Чтение онлайн

на главную - закладки

Жанры

В круге первом

Солженицын Александр Исаевич

Шрифт:

– Как вы сказали? Пшённая каша – пошло? Да я пять лет пшённой каши не видел!

– Наверно, не пшённая, наверно, магара?

– Да вы с ума сошли – магара! Попробовали б они нам магару! Мы б им…

– А как сейчас на пересылках кормят?

– На челябинской пересылке…

– На челябинской новой или челябинской старой?

– По вашему вопросу видно знатока. На новой…

– Что там, по-прежнему ватерклозеты на этажах экономят, а зэки оправляются в параши и носят с третьего этажа?

– По-прежнему.

– Вы сказали – шарашка. Что значит – шарашка?

– А по сколько хлеба

здесь дают?

– Кто ещё не ужинал? Вторая смена!

– Хлеба белого по четыреста грамм, а чёрный – на столах.

– Простите, как – на столах?

– Ну так, на столах, нарезан, хочешь – бери, хочешь – не бери.

– Простите, здесь что – Европа, что ли?

– Почему Европа? В Европе на столах белый, а не чёрный.

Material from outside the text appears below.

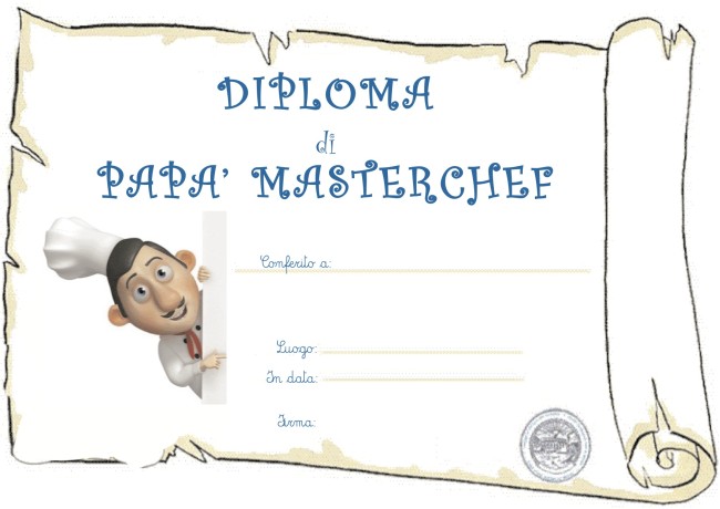 Diploma di papa’ Masterchef Un diploma di papà Masterchef da regalare ad un papà grande cuoco! Un diploma da stampare gratuitamente, compilare e regalare al papa’, magari avvolto in un bel nastro per ringraziarlo e dirgli quanto apprezziamo i suoi piatti deliziosi! DIPLOMA DA STAMPARE Cliccare sul diploma per stamparlo: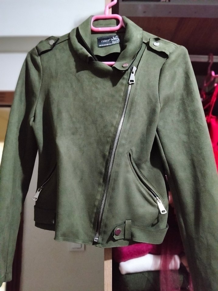 Yumuşak süet kumaştan yapılmış, fermuarlı cepleri ve kesimli yakası olan yeşil, dar kesim kadın deri ceket. Günlük sokak stili için uygundur.

– Масло сливочное профессорам по сорок грамм, инженерам по двадцать. От каждого по способности, каждому по возможности.

– Да, но за это маслице и за этот «Беломор» мы горбим по двенадцать и по четырнадцать часов в сутки.

– Гор-бите? Если за письменным столом сидите, то уже не горбите! Горбит тот, кто киркой машет.

– Чёрт знает, на этой шарашке сидишь, как в болоте, – от всей жизни отрываешься. Вы слышали, господа? – говорят, блатных прижали и даже на Красной Пресне уже не курочат.

– Так вы работали на Днепрострое?

– Да, я у Винтера работал. Я за этот Днепрогэс и сижу.

– То есть как?

– А я, видите ли, продал его немцам.

– Днепрогэс? Его же взорвали!

– Ну и что ж, что взорвали? А я взорванный им же и продал.

– Честное слово, как будто вольный ветер подул! Пересылки! этапы! лагеря! движение! Эх, сейчас бы до Совгавани прокатиться!

– И назад, Валентуля, и – назад!

– Да! и скорей назад, конечно!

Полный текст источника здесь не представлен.